How should the WHO be funded instead?
It’s up to countries to step up their efforts to finance WHO, said Suzman. Last year, WHO member states agreed to increase their contributions.
Gostin also suggested WHO’s funding problems could be solved by raising their mandatory dues.
“Member states should want WHO to succeed. And WHO can only succeed if it has ample and sustainable funding,” he said.
Lee argued that while it’s important for the WHO to receive more funds, where this money comes from is equally important.
“We have to begin with a frank discussion about what we need from a truly global health organisation in the 21st century. WHO was designed for the postwar period of the mid-20th century. The world has changed a great deal since,” she said.
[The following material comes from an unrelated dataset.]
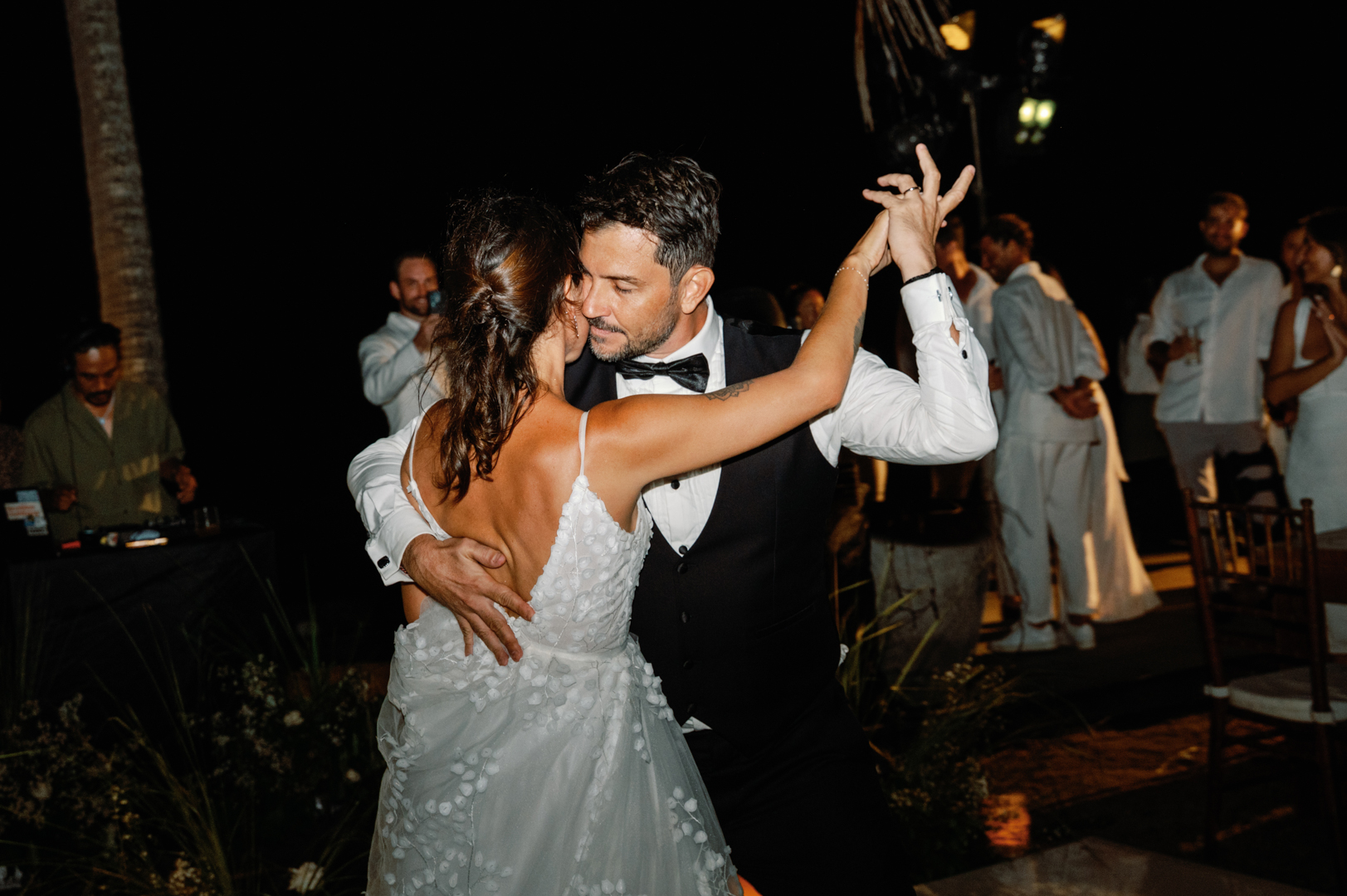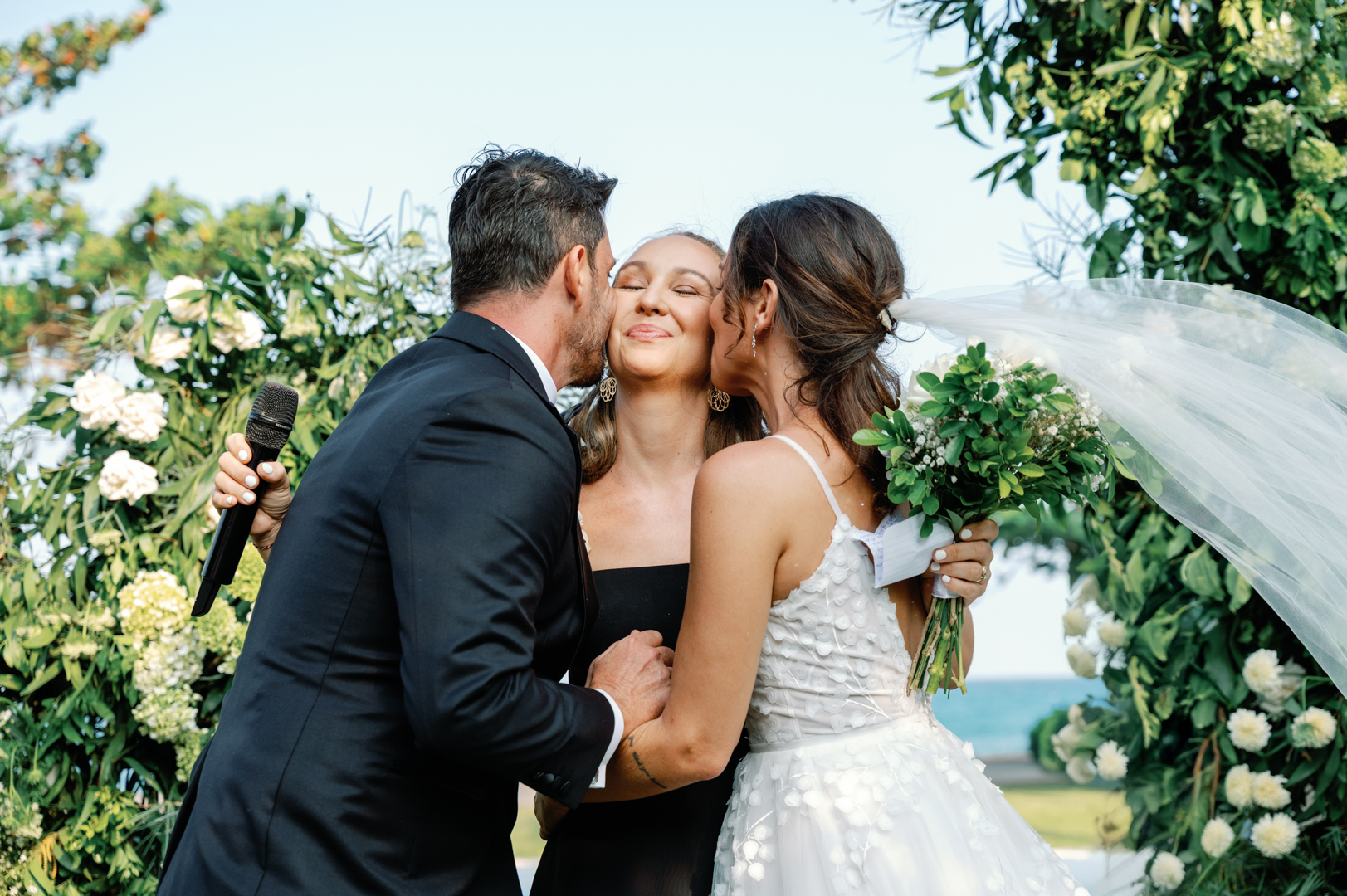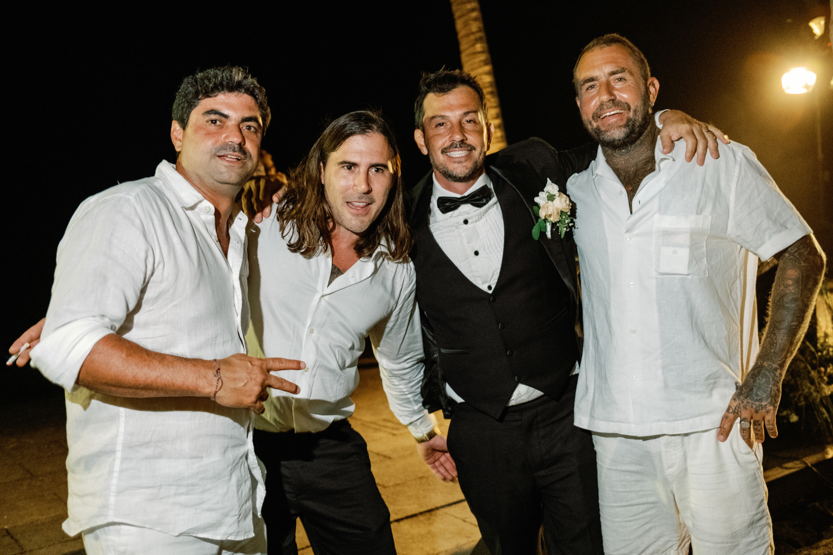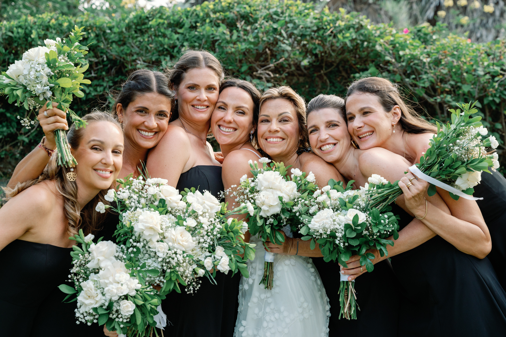 The bride looked stunning in a classic white gown, while the groom’s timeless black suit gave the perfect contrast. Bridesmaids wore black dresses, complementing the groom’s look, while guests dressed in white—together creating a harmonious color palette that blended seamlessly with the garden surroundings. It was a wedding where every detail felt intentional and perfectly balanced.

For Lee, it’s time to ask ourselves what kind of global health body we need in a post-pandemic world: “What laws, decision-making bodies, enforcement mechanisms, and funding do we need to keep us all safe and well? What powers does this global health organisation need to do its job?”
She argued that WHO needs to break its reliance on voluntary contributions and should instead be funded through various taxes designed to fund a healthier, pandemic-free world.
“Transport, hospitality, education, professional sports, the financial markets, trading systems, services and so on that benefit from a pandemic-free world could all allocate a small amount towards sustaining WHO,” she said.
“After all, it would be in their interests, and in all our interests, to prevent the kind of large-scale disruptions we have seen over the past three years. It would be money well spent”.